O valor do homem passou, então, a ser posto em segundo plano, deixou o homem de ser o epicentro de tudo, de todos os fenômenos, dando lugar aos computadores, em função da nova realidade tecnológica que trouxe a Internet.

... Destarte, conquanto seja cediça a existência das novidades tecno-informáticas, não se pode deixar de lado a figura do homem, a importância do valor do homem, na sociedade moderna.

... Assim, portanto, tendo o homem todos esses elementos identificadores, intrínsecos à sua essência, que nos possibilita perceber o seu caráter valorativo, a sua importância mesmo ao contexto social, que o diferencia dos demais seres vivos, não se pode deixar, nem tão pouco crer, que os avanços tecnológicos, precisamente, a Internet faça com que o significado da essência do homem, seja esquecido; que todas as conquistas, em todos os âmbitos, principalmente constitucionais, sejam postas de lado, sejam relegadas a segundo plano, sejam interpretadas e/ou entendidas na forma mais conveniente a essa nova tecnologia.

Não se pode deixar que a Internet, a globalização e outros fenômenos tecnológicos, que afetam, por certo, a sociedade, dominem por completo todas diretrizes e bases estabelecidas, alijando, dessa sorte, a figura do homem, em razão desse novo contexto revolucionário.
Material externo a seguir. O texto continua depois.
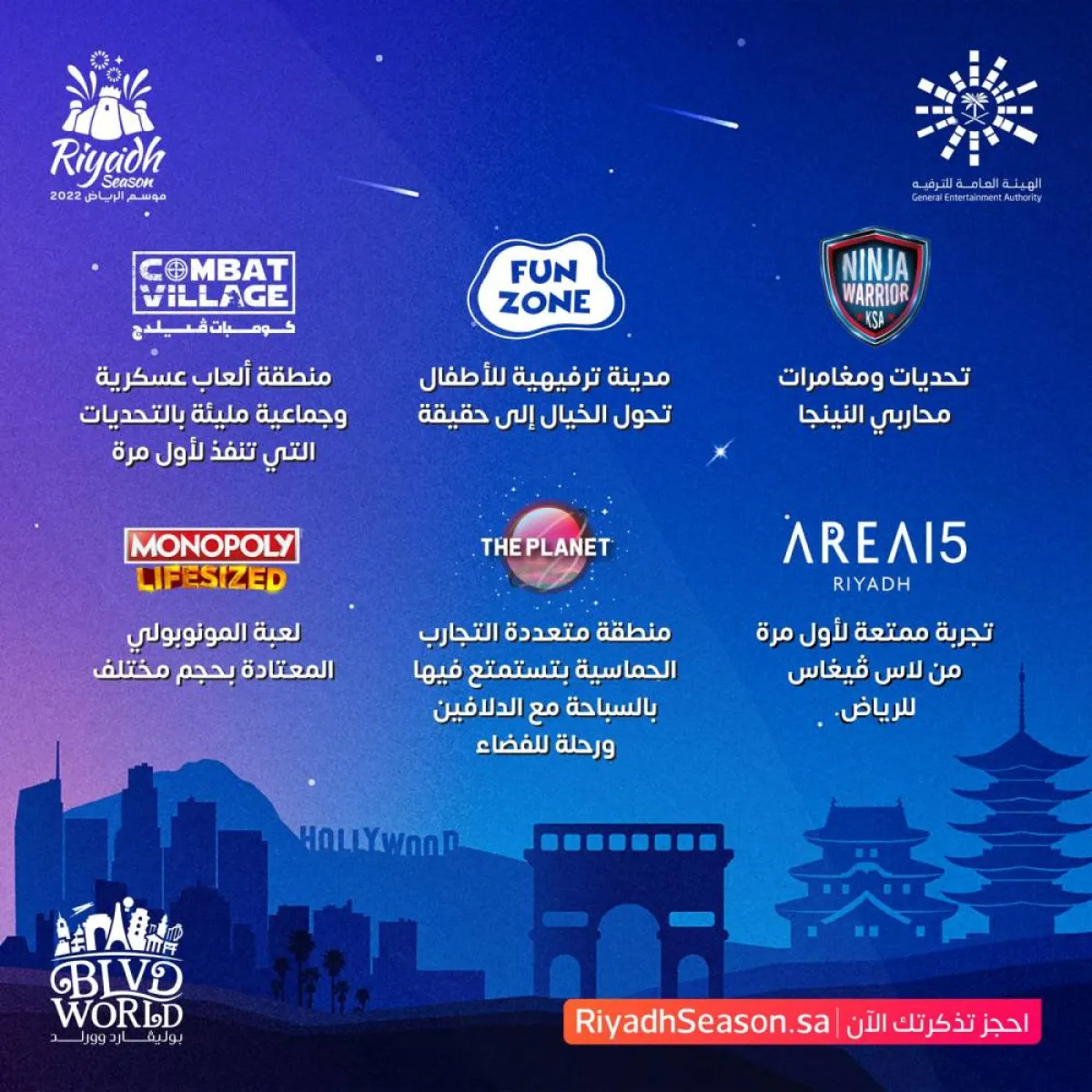 وتعد منطقة "بوليفارد وورلد" أبرز المناطق في موسم الرياض، حيث توفر أكبر بحيرة صناعية في العالم، وتتيح لزوارها التنقل من مدينة إلى أخرى عبر 11 محطة، إضافةً إلى أكبر مسرح كروي في العالم، مع مدينة ألعاب لعشاق الحماس والإثارة، وغيرها من التجارب الترفيهية التي تناسب جميع الفئات، ويمكن حجز تذاكر الدخول للمنطقة من خلال الرابط.
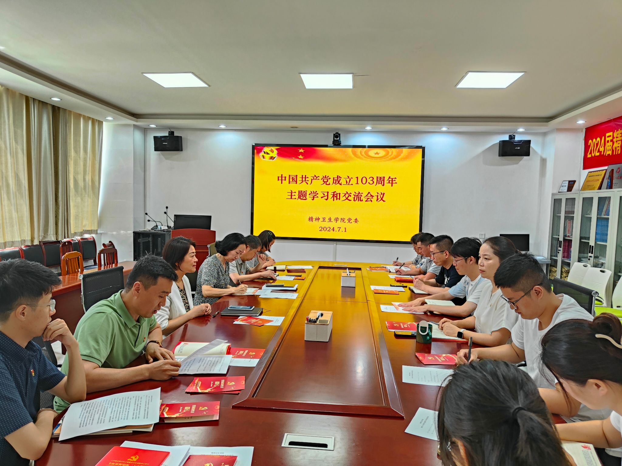 2024年7月1日上午,精神卫生学院党委组织师生党员开展庆祝中国共产党成立103周年主题党日暨学习交流活动。活动结合实际设计了教师组和学生组两个组别,分别在学院党员活动室和 “一站式” 学生社区党员活动室举行。学院全体师生党员参加活动。

Refletir sobre o ser é compreender sua importância na esfera jurídica, é compreender o fenômeno da repersonalização, é compreender a dimensão do princípio da dignidade humana. Assim, a dignidade humana percorrerá o mesmo caminho traçado pelo homem e, onde quer que ocorra sua manifestação, vislumbrar-se-á o art. 1°, III, da Constituição Federal de 1988.

Impõe-se analisar o ciberespaço, não como uma fonte de separação, física e social, entre os indivíduos, impossibilitando a interpenetração das relações humanas, e sim,

como um instrumento de união entre os seres, o qual deve possibilitar a imposição de limites aos cidadãos virtuais, como ocorre numa relação jurídica real. O mundo cibernético é, pois, mais uma conquista humana e, conseqüentemente, um meio para se propagar sua atividade, por isso, merece ter amparo legal, conforme se depreende da leitura do artigo de Carlos Souza192, in verbis:

O aprimoramento de novas tecnologias, sobretudo, daquelas relacionadas ao tratamento e disponibilização de informações, impulsionando a automatização de procedimentos, bem como o avanço nas pesquisas científicas e o desenvolvimento da Internet como meio de comunicação, representam não apenas uma grande conquista, mas também um desafio para a organização da sociedade.

... A proteção do direito à privacidade perante o progresso tecnológico e a facilidade de acesso e distribuição indevida de dados de terceiros tornou-se um desses conflitos, demandando o trabalho não apenas dos juristas, mas igualmente dos legisladores e magistrados no sentido de se definir o locus da privacidade no cenário contemporâneo.

Se a era digital constitui um espaço livre e mais amplo para o desenvolvimento do ser humano e se este é plenamente protegido pelo princípio da dignidade (art. 1°, III, CF/88), nada mais justo e coerente do que amparar os direitos da personalidade, in casu, o direito à privacidade do indivíduo, nesse novo mundo, pois estará fortalecendo a pessoa, em toda sua dimensão, e consagrando o fenômeno da repersonalização. O importante é, então, redefinir o campo da privacidade, a fim de se concretizar esse desiderato!

Conceber o avanço tecnológico como uma fonte capaz de desagregar os indivíduos, impedindo-os de interagir na sociedade, é incidir em erro. Esse acontecimento deve assumir o papel, sim, de potencialização do bem-comum, na medida em que defenda não só interesses individuais, mas também incentive o efetivo progresso humano.

Urge, pois, resgatar a essência do indivíduo no mundo digital, até mesmo para beneficiar os aspectos tecno-informáticos como um novo meio de sua manifestação, quando

se observa que o direito à privacidade tornou-se distorcido por essa nova concepção tecnológica.